Welcome to the AAPG Learn! Interview Series. We are launching an interview series with AAPG members and also participants in our events so that you can learn about what they're doing and potentially get in contact, collaborate, and advance your knowledge. Our interviews also tie to our events such as a great new workshop that addresses ways to be profitable in a downturn
. Today we have an interview with William D. Chandler, whose work on the wellsite has led to the development of innovative new ways to identify productive zones.
1. What is your name and your experience in the oil industry?
My name is William D. Chandler. I have served the oil industry as a well site geologist for thirty seven years. I started out in the Permian, and have worked for many years in the Mid-Continent, as well in the Arkoma basin. For the last 7 years I have served primarily in the Fort Worth basin. Five years ago in April I dedicated my endeavors to this methodology, and the evolution of Formation Logging. This workflow extracts chromatography data from the drill cuttings as opposed to the mud stream.
2. What are some of the overlooked properties of cuttings?

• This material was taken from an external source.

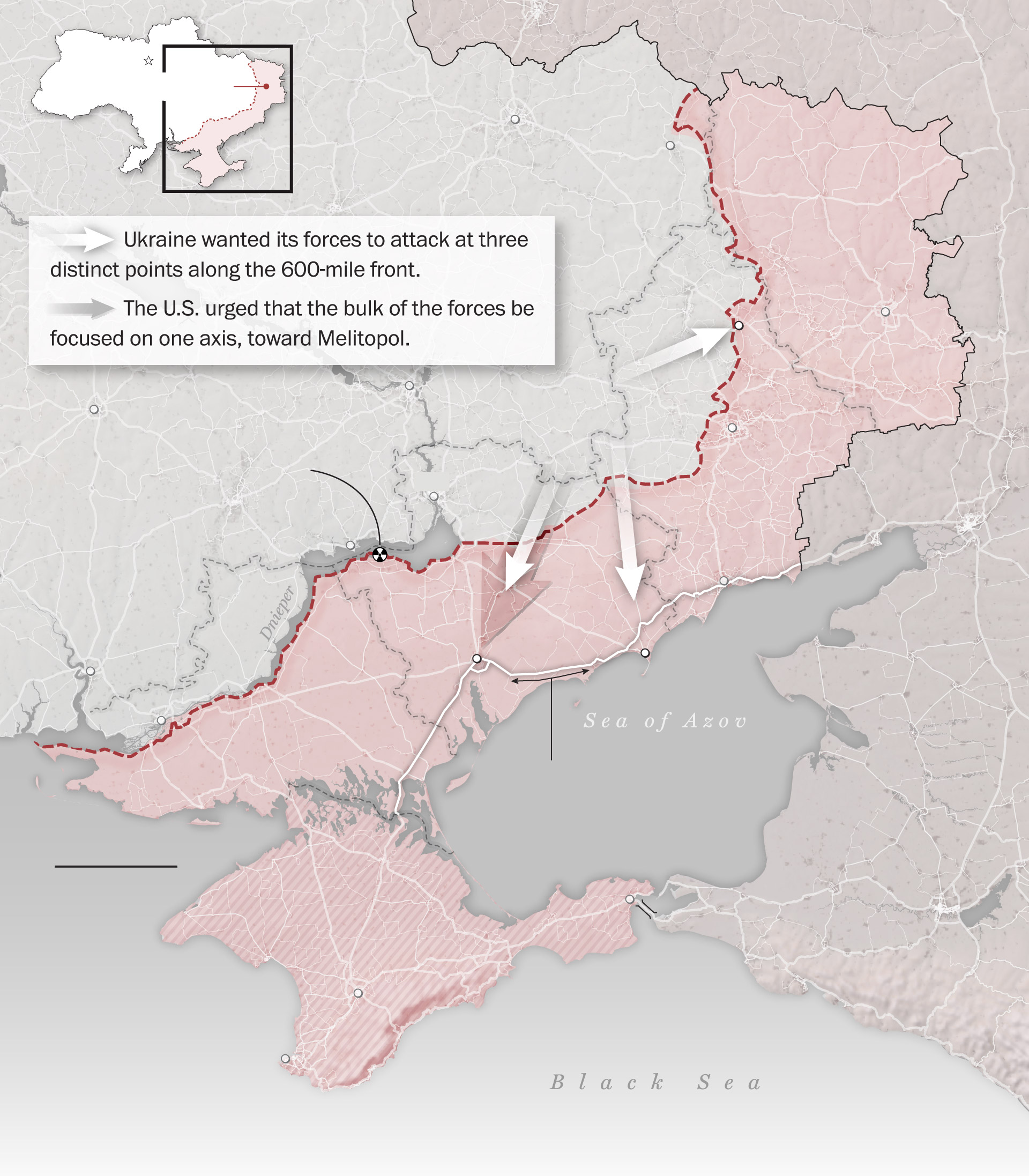 ● Les États-Unis ont préconisé un assaut ciblé le long de cet axe sud, mais les dirigeants ukrainiens ont estimé que leurs forces devaient attaquer en trois points distincts le long du front de 600 milles, vers le sud en direction de Melitopol et de Berdiansk sur la mer d’Azov et vers l’est en direction de la ville assiégée de Bakhmut.

Extracting gas from drill cuttings and following the prescribe formula, the data always tracks density porosity. The chromatography from drill cuttings can reveal water/oil contracts, and high grade resistivity curves in shale, sands and limestones.
The data from drill cuttings can create solid reliable models, from well to well. Data taken from the drill cuttings is not affected by produced or background gas, that affects the mud gas system. The chromatography signature of "Oil in a Rock" gives 20/20 optics, and overcome false negatives produced by other high tech data. Drill cuttings can confirm or deny commercial quality reservoirs by deriving the content inside the cuttings.
3. Do you have to derive the information from the cuttings while they're being drilled, or is it possible to go a core / cuttings repository and run tests?
Yes, we derive all data in the field while the well is being drilled, and the intervals are always above, during, and after, zones of high interest. This methodology is labor intense, and sample quality, and collection is critical, and focused. All data is given to the end user in the field, in a timely manner.
4. What is your new methodology? What is involved?
The methodology requires protocol, and follow the recipe from sample collection, and high grading the cuttings before testing. Reducing practical size will release trap hydrocarbon within the drill cuttings. Capture the gasses, and imputing the rock gas in a chromatograph that is designed for our process. After the data been acquired from the cuttings, the raw data is processed using a algorithm that gives us our unique data points that track density, and resistivity curves. The final data is then plotted on a log, and tied to the well bore with other LAS data supplied by the operator. (Gamma, drill time, e-log data). This is not a function of mud logging services due to dedication to the process. We tried it, and it was a disaster every time.
5. How did you get the idea to combine the methods and create a new workflow?
This method was used by this industry around 40 years ago. It was still being implemented my first year in the field after collage. It was pack up, and burred away soon afterwords. I dug it up just as it was left with one curve, 5 years ago. Back then gas was run from a blender to a Wheatstone bridge filament, and the gas was measured in units, just as mud gas systems still use today. The industry called it cuttings gas. After many challenges we now have a workflow that works well in tighter formation, with eight curves, (C1 to NC5) and delivers robust data that uses percent's, and a algorithm designed by Geophysicist. The method is in the low tech arena of ideals, but tracks and validates high tech data, and we call it Formation Logging. What was old and tired, is now new an timely for the economics of our industry, and increases our reservoir intelligence for the tighter formations we prospect for.
6. Where does it work best? What are a few examples?
It works in all consolidated sandstones and conglomerates.We are measuring matrix gas and the grains need to be cement either by limestone or silica cement. In sandstone the data can be lost if the samples in not processed within a very short time of being caught. You must expedite all sandstones, conglomerates, and granite washes.
It works very well in all carbonates, from dolomite to all limestone formations. Its finds low permeability oil legs, as well as good primary porosity zones with amazing accuracy.
It works in shale with non oil-based muds, and will track density porosity like fingers in a glove. This method is effected to some degree by oil base mud, and should not be used.
This method is used to geo-steer in oil windows in sandstones, and limestone lateral wells with amazing success. Gamma dose not see oil, and this method sees oil very well.
This method can identify open subterraneal fractures by comparing matrix gas increases, with mud gas increase. If mud gas increase, and the rock gas dose not. The mud gas increase came from a open fracture.
7. What are your plans for the future?
This is a easy question, Dr. Nash. I have only one plan: To keep evolving this methodology, and pushing the envelope with the ever opportunity that comes my way. The bigger challenge will be to vet the data with the oil producers around the different basins. I know this industry needs the best data available from low tech, and high tech. It is my passion to be the face of Formation logging, and see it come to it full capabilities. To promote its ability to overcome false positives, false negatives and integrate this with petrophysical data for solutions that effect challenging formations.